Postoperative pain caused by surgery-associated tissue injury is a major concern for all the clinical practitioners. Because it affects multiple systems and induces physiological, immunological and psychological changes. Previous literature showed surgical injury induces a systemic inflammatory metabolic-endocrine response that is proportional to the severity of the surgical stress. In surgeries such as liver transplantation, the patients suffer not only from postoperative pain but also an additional oxidative stress caused by ischemia reperfusion. Previous report have proved that an adequate postoperative pain control improves the recovery and reduces the inflammatory cascade by suppression of physiological and psychological stresses. However, the effect of postoperative pain management on ischemia reperfusion injury is unclear so far. In this three year study, we plan to continue our previous study to test the following two hypothesis: (1) postoperative pain exacerbate remote organ injury caused by ischemia reperfusion, (2) the interaction of different antinociceptive modalities on ischemia reperfusion injury.


Clinical Trial Description

Our team focused on the study of reperfusion injury in liver transplantation, lung resection and open heart surgeries which need cardiopulmonary bypass. Previous clinical observation showed the increase of lung water in liver transplant recipients. Some patients may even develop pulmonary edema which not only lengthen intensive care unit stay and hospital stay, but also increase morbidity and mortality. In the hepatic ischemia reperfusion animal model, we proved that the release of large amount of reactive oxygen species play an important part in remote lung injury. If propofol, which possesses free radical scavenger property, is given adequately, the production of reactive oxygen species will decrease thus reducing the extent of remote lung injury. In another clinical study, we found that resuming two lung ventilation from one lung ventilation induces a massive superoxide production, which also could be reduced when using propofol for the maintenance of anesthesia.

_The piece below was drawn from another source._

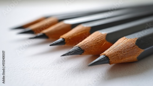Close-up of sharp graphite pencils creating a minimalist art display on white surface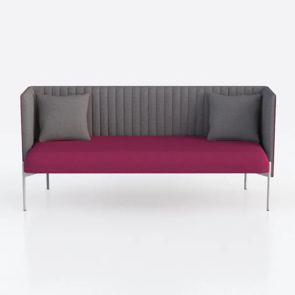 This modern sofa features a vibrant pink seat, textured grey back, and sleek metal legs, ideal for living rooms or lounge areas, with 32922 polygons.

Postoperative pain caused by surgery-associated tissue injury is a major concern for all the clinical practitioners. Because it affects multiple systems and induces physiological, immunological and psychological changes. Previous literature showed surgical injury induces a systemic inflammatory metabolic-endocrine response that is proportional to the severity of the surgical stress. In surgeries such as liver transplantation, the patients suffer not only from postoperative pain but also an additional oxidative stress caused by ischemia reperfusion. Previous report have proved that an adequate postoperative pain control improves the recovery and reduces the inflammatory cascade by suppression of physiological and psychological stresses. However, the effect of postoperative pain management on ischemia reperfusion injury is unclear so far. In this three year study, we plan to continue our previous study to test the following two hypothesis: (1) postoperative pain exacerbate remote organ injury caused by ischemia reperfusion, (2) the interaction of different antinociceptive modalities on ischemia reperfusion injury.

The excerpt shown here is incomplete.